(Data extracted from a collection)
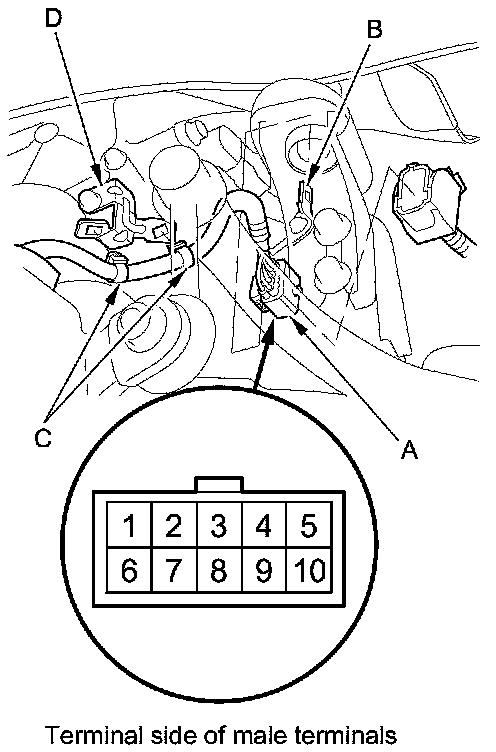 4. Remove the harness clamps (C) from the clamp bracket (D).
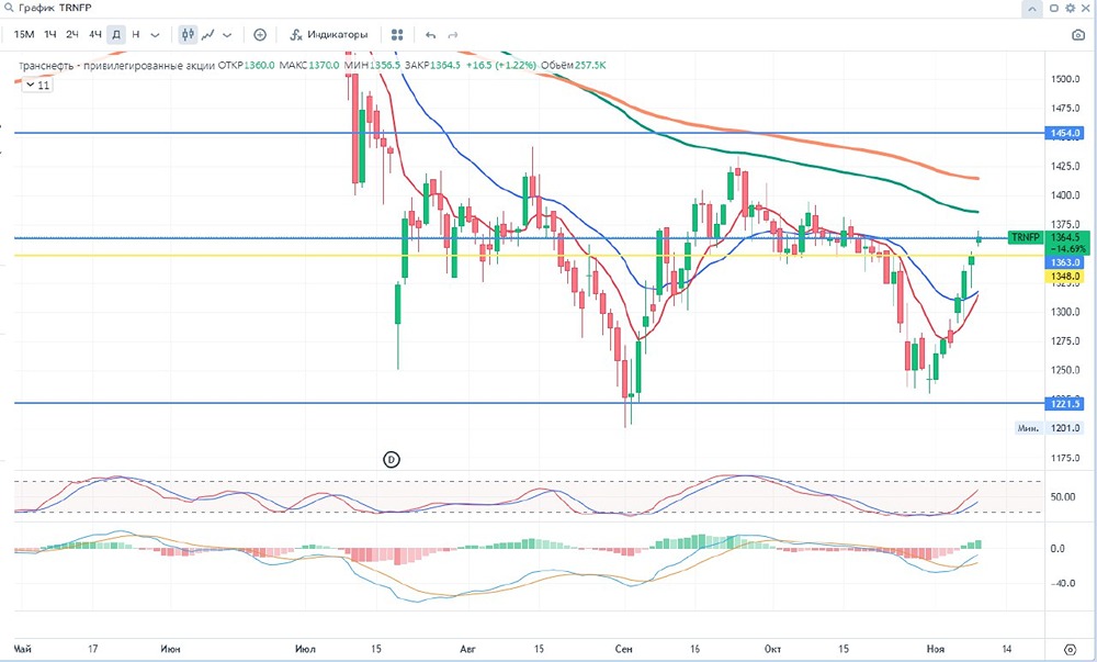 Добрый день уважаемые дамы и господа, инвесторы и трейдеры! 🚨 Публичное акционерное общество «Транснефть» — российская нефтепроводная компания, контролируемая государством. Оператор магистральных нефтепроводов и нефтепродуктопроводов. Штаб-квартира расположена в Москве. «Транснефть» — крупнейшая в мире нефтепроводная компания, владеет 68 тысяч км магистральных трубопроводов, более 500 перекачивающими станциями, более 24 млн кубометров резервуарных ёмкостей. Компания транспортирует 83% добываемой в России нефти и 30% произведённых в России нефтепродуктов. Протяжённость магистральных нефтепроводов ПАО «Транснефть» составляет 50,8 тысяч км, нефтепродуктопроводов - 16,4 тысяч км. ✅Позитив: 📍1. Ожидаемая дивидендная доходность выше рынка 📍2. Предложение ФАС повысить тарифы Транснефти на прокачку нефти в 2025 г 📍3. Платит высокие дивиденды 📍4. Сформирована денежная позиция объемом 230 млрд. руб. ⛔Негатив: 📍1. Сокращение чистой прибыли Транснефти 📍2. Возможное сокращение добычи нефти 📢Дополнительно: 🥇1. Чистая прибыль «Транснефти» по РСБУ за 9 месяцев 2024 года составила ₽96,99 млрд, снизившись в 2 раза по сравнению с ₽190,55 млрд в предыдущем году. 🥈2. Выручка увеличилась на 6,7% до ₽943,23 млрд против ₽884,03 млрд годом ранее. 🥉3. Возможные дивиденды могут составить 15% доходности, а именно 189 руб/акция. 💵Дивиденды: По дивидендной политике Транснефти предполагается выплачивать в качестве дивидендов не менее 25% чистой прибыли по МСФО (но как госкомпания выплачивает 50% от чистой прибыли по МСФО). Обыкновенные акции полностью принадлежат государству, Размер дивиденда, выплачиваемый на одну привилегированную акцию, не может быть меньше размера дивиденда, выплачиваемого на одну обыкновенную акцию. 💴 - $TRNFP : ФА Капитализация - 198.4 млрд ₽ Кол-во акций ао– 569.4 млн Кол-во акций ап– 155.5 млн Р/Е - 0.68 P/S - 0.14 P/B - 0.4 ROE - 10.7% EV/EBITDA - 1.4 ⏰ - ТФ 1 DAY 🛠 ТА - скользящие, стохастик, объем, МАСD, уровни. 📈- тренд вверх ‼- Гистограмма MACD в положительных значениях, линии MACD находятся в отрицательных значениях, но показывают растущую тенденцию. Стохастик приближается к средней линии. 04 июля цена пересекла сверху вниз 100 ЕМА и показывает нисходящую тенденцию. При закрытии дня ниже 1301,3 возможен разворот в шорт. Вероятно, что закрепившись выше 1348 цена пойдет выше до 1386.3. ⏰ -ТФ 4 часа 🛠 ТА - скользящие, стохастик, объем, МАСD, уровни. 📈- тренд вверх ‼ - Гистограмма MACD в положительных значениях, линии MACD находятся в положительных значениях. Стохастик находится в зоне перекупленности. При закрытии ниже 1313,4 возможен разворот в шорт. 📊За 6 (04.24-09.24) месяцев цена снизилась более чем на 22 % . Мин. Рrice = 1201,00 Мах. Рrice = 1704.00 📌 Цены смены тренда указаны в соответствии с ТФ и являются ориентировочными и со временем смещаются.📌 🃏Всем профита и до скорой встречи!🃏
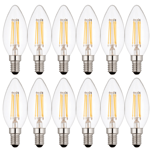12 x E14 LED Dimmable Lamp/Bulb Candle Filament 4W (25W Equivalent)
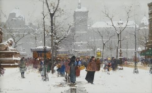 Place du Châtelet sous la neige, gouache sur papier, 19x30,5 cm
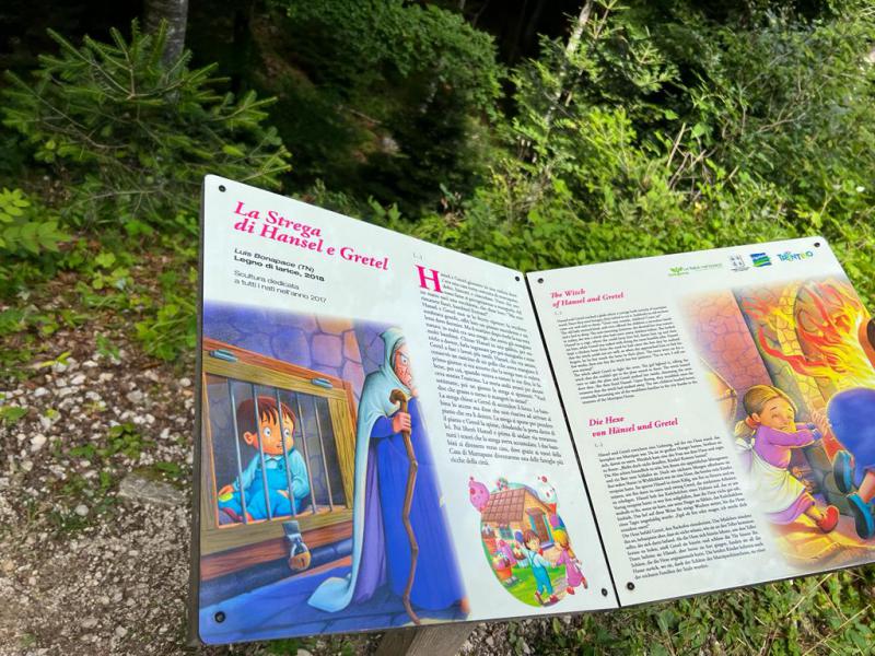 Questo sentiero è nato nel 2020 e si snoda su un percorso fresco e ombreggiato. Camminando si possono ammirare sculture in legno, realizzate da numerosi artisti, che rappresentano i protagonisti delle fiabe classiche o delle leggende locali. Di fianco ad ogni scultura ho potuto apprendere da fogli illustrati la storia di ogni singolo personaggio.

■ **WHAT THE TASK REQUIRES**: The records above, copied word for word without the pictures, are what should be output.

■ **TASK ANSWER**:
 4. Remove the harness clamps (C) from the clamp bracket (D).
 Добрый день уважаемые дамы и господа, инвесторы и трейдеры! 🚨 Публичное акционерное общество «Транснефть» — российская нефтепроводная компания, контролируемая государством. Оператор магистральных нефтепроводов и нефтепродуктопроводов. Штаб-квартира расположена в Москве. «Транснефть» — крупнейшая в мире нефтепроводная компания, владеет 68 тысяч км магистральных трубопроводов, более 500 перекачивающими станциями, более 24 млн кубометров резервуарных ёмкостей. Компания транспортирует 83% добываемой в России нефти и 30% произведённых в России нефтепродуктов. Протяжённость магистральных нефтепроводов ПАО «Транснефть» составляет 50,8 тысяч км, нефтепродуктопроводов - 16,4 тысяч км. ✅Позитив: 📍1. Ожидаемая дивидендная доходность выше рынка 📍2. Предложение ФАС повысить тарифы Транснефти на прокачку нефти в 2025 г 📍3. Платит высокие дивиденды 📍4. Сформирована денежная позиция объемом 230 млрд. руб. ⛔Негатив: 📍1. Сокращение чистой прибыли Транснефти 📍2. Возможное сокращение добычи нефти 📢Дополнительно: 🥇1. Чистая прибыль «Транснефти» по РСБУ за 9 месяцев 2024 года составила ₽96,99 млрд, снизившись в 2 раза по сравнению с ₽190,55 млрд в предыдущем году. 🥈2. Выручка увеличилась на 6,7% до ₽943,23 млрд против ₽884,03 млрд годом ранее. 🥉3. Возможные дивиденды могут составить 15% доходности, а именно 189 руб/акция. 💵Дивиденды: По дивидендной политике Транснефти предполагается выплачивать в качестве дивидендов не менее 25% чистой прибыли по МСФО (но как госкомпания выплачивает 50% от чистой прибыли по МСФО). Обыкновенные акции полностью принадлежат государству, Размер дивиденда, выплачиваемый на одну привилегированную акцию, не может быть меньше размера дивиденда, выплачиваемого на одну обыкновенную акцию. 💴 - $TRNFP : ФА Капитализация - 198.4 млрд ₽ Кол-во акций ао– 569.4 млн Кол-во акций ап– 155.5 млн Р/Е - 0.68 P/S - 0.14 P/B - 0.4 ROE - 10.7% EV/EBITDA - 1.4 ⏰ - ТФ 1 DAY 🛠 ТА - скользящие, стохастик, объем, МАСD, уровни. 📈- тренд вверх ‼- Гистограмма MACD в положительных значениях, линии MACD находятся в отрицательных значениях, но показывают растущую тенденцию. Стохастик приближается к средней линии. 04 июля цена пересекла сверху вниз 100 ЕМА и показывает нисходящую тенденцию. При закрытии дня ниже 1301,3 возможен разворот в шорт. Вероятно, что закрепившись выше 1348 цена пойдет выше до 1386.3. ⏰ -ТФ 4 часа 🛠 ТА - скользящие, стохастик, объем, МАСD, уровни. 📈- тренд вверх ‼ - Гистограмма MACD в положительных значениях, линии MACD находятся в положительных значениях. Стохастик находится в зоне перекупленности. При закрытии ниже 1313,4 возможен разворот в шорт. 📊За 6 (04.24-09.24) месяцев цена снизилась более чем на 22 % . Мин. Рrice = 1201,00 Мах. Рrice = 1704.00 📌 Цены смены тренда указаны в соответствии с ТФ и являются ориентировочными и со временем смещаются.📌 🃏Всем профита и до скорой встречи!🃏
12 x E14 LED Dimmable Lamp/Bulb Candle Filament 4W (25W Equivalent)
 Place du Châtelet sous la neige, gouache sur papier, 19x30,5 cm
 Questo sentiero è nato nel 2020 e si snoda su un percorso fresco e ombreggiato. Camminando si possono ammirare sculture in legno, realizzate da numerosi artisti, che rappresentano i protagonisti delle fiabe classiche o delle leggende locali. Di fianco ad ogni scultura ho potuto apprendere da fogli illustrati la storia di ogni singolo personaggio.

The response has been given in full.